Today’s Firefox Aims to Reduce Your Online Annoyances - Errorcod3
https://blog.mozilla.org/blog/2019/03/19/todays-firefox-aims-to-reduce-your-online-annoyances/
======
dang
Comments moved to
[https://news.ycombinator.com/item?id=19430684](https://news.ycombinator.com/item?id=19430684).

------
Jabbermonkey
If Firefox had treated TabMixPlus (TMP) and other extensions as first-class
citizens when they introduced quantum, I can guarantee I'd be using Firefox
today (along with all the less technical people in my extended network, who
I'd install it for).

Unfortunately, during the transition to quantum and WebExtensions the
developers blocked add-ons making changes to the Firefox interface, which
crippled TMP and a variety of other add-ons. To suddenly have your favorite
add-on crippled is a little painful but what made me walk away was the tone of
responses from Mozilla people on the boards and the bug reports. It ranged
from dismissive, to arrogant, to angry which, particularly given how quickly
the transition took place, just added insult to injury.

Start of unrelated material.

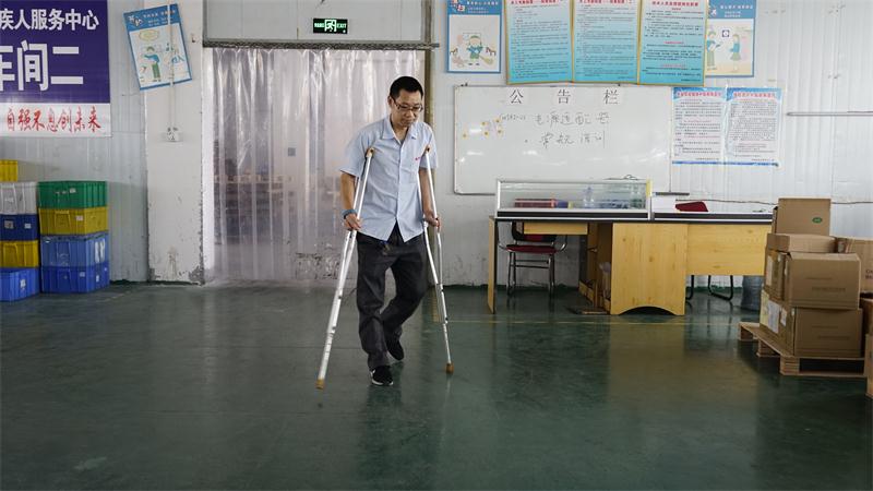 这次,好不容易有就业的机会,肖卫兵说什么都要去试一试。第二天,肖卫兵在县人社局工作人员的陪同下,拄着拐杖来到工业园区省级就业扶贫基地慧慧电子厂。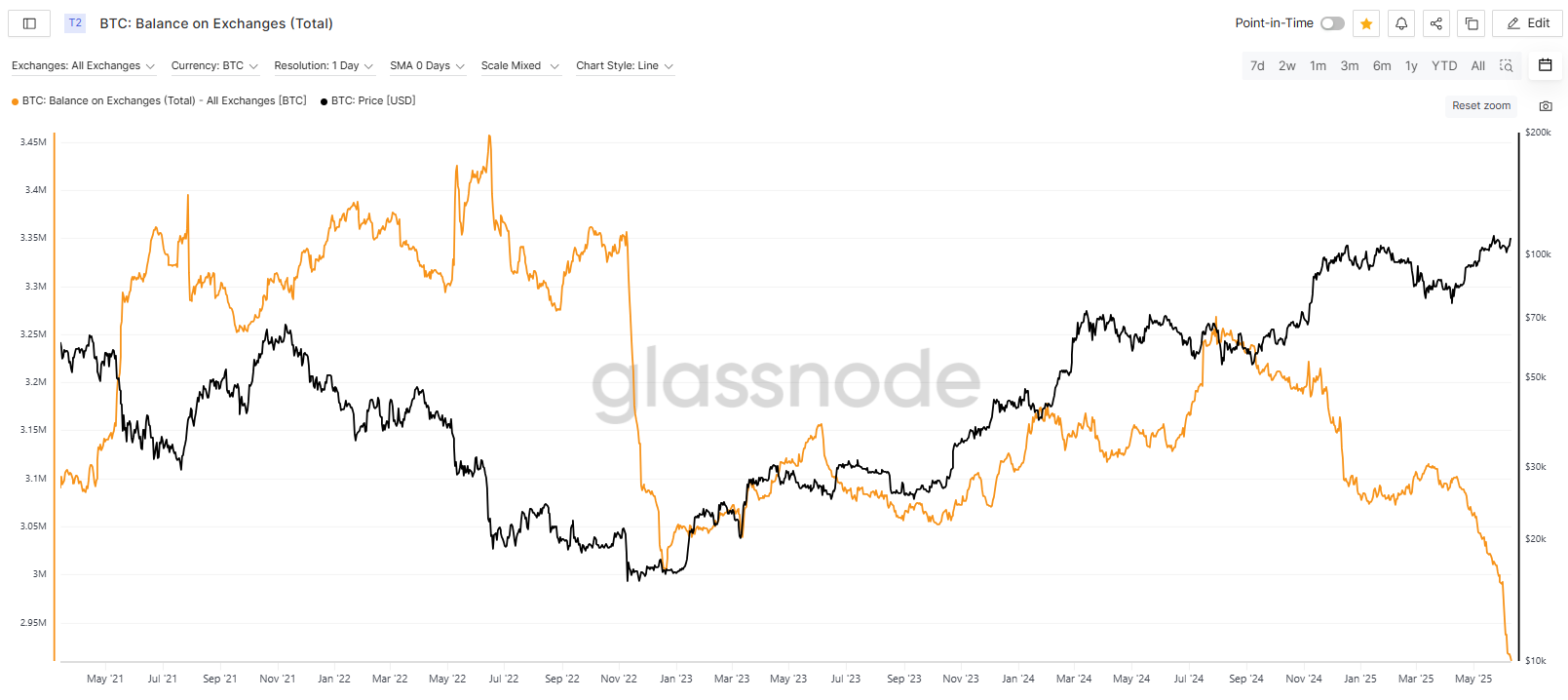 Kľúčovým faktorom môže byť aj pohyb mincí mimo búrz. Podľa príspevku analytika BaykusCharts pre CryptoQuant z 10. júna klesli bitcoinové rezervy na centralizovaných burzách z 1,55 milióna v júli 2024 na iba 1,01 milióna BTC. Ide o pokles o 550 000 BTC, čo poukazuje na trend dlhodobého držania a znižovania dostupnej ponuky.

It seemed like Mozilla did get the message by the end of 2017 that their
approach and response to add-ons had alienated many users. One of their 2018
visions included a statement that 'In 2018, extensions will be one of the
reasons why people choose and use Firefox.' Unfortunately, when I looked at
the TMP message boards last year I still saw very little in the way of signs
of cooperation and encouragement from Mozilla. The TMP developer, onemen,
still seems to be trying his best to produce a suite of extensions to
reproduce the lost functionality and to be fair to Mozilla they have been
moving obstacles out of the way but the pace is glacial.

Chrome may be creepy and invasive but right now it's far more flexible and
remains a smoother experience. I'd really love to switch away from Chrome but
I won't trade it for an inflexible Firefox UI. If Mozilla could loosen up on
the UI restrictions, demonstrate that they're doing everything possible to
make the product friendly for add-on developers, and somehow get themselves
around to replicating, or helping to replicate, TMP and other crippled add-ons
then I would enthusiastically consider switching.

------
Causality1
One of my primary online annoyances is having to maintain two Firefox
installations because most of my favored extensions can't or won't be
rewritten for WebExtensions.